**Data for analysis**:
• • • •

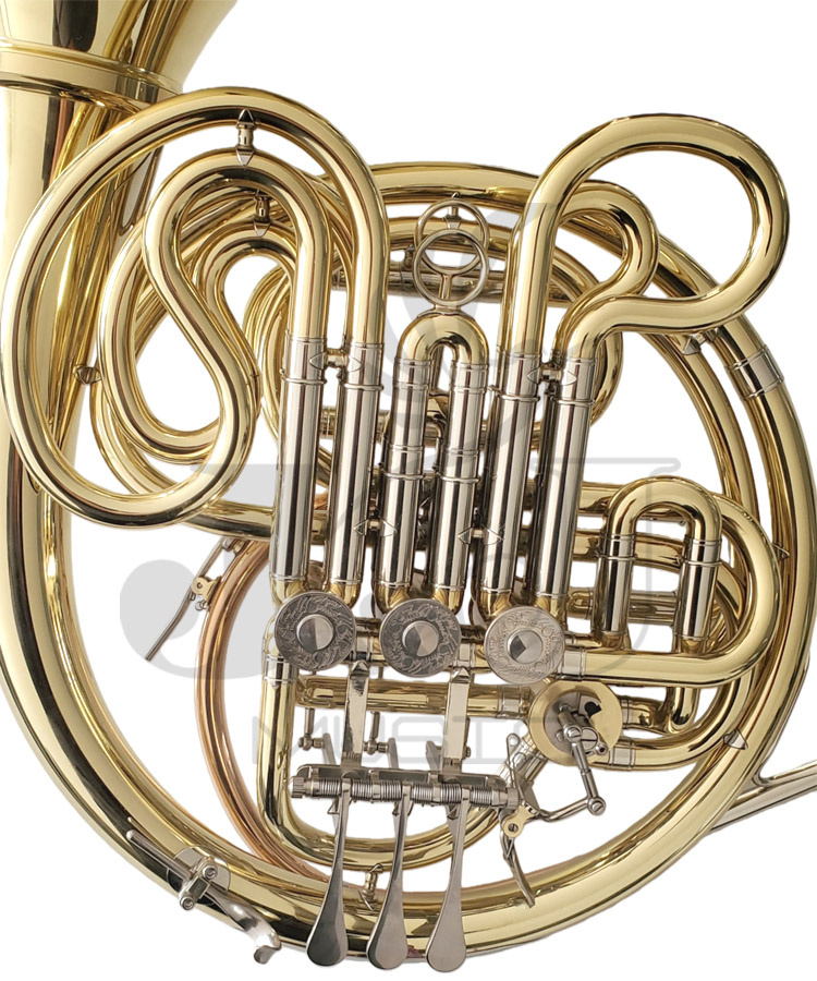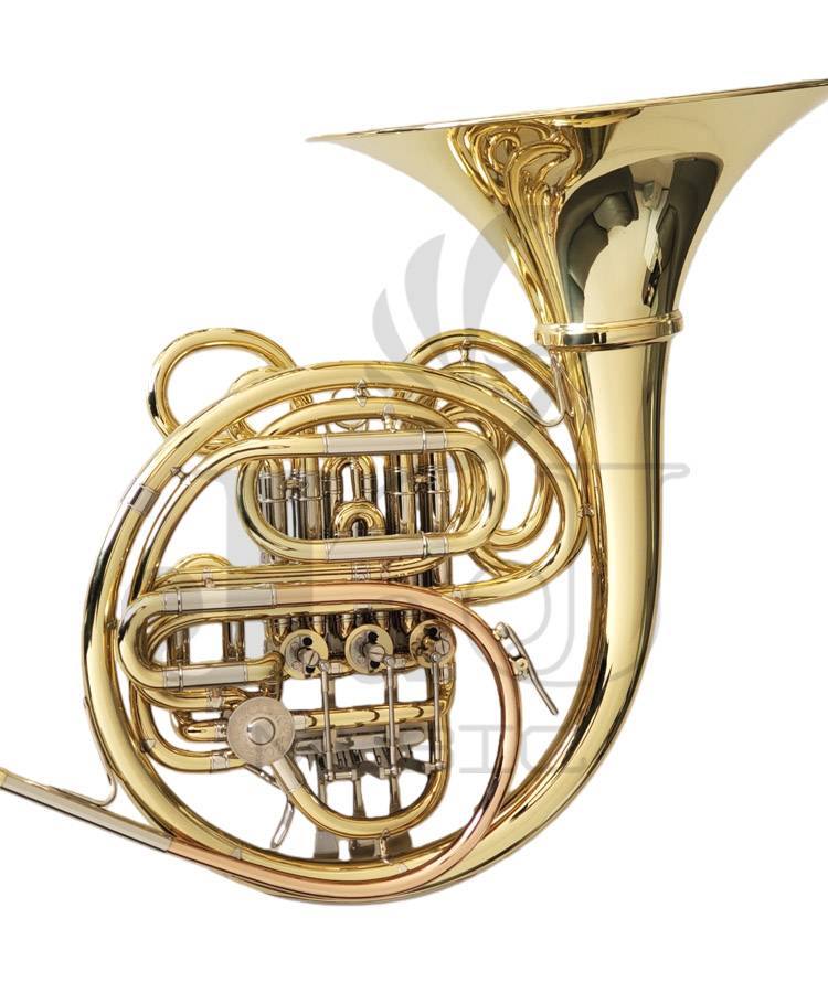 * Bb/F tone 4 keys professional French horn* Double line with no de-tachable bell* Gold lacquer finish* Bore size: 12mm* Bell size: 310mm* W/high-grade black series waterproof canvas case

• • • •

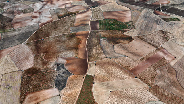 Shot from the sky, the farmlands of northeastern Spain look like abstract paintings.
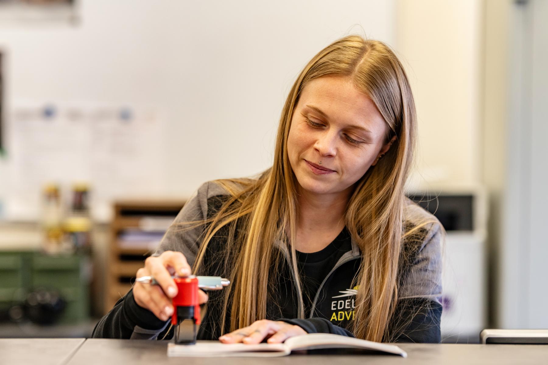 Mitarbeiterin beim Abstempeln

• • • •

**Task to complete**:
Using the records above, print exactly the lines between the ones containing "Shot from the" and "Mitarbeiterin beim Abstempeln", inclusive, and nothing else; no pictures.

**Task result**:
 Shot from the sky, the farmlands of northeastern Spain look like abstract paintings.
 Mitarbeiterin beim Abstempeln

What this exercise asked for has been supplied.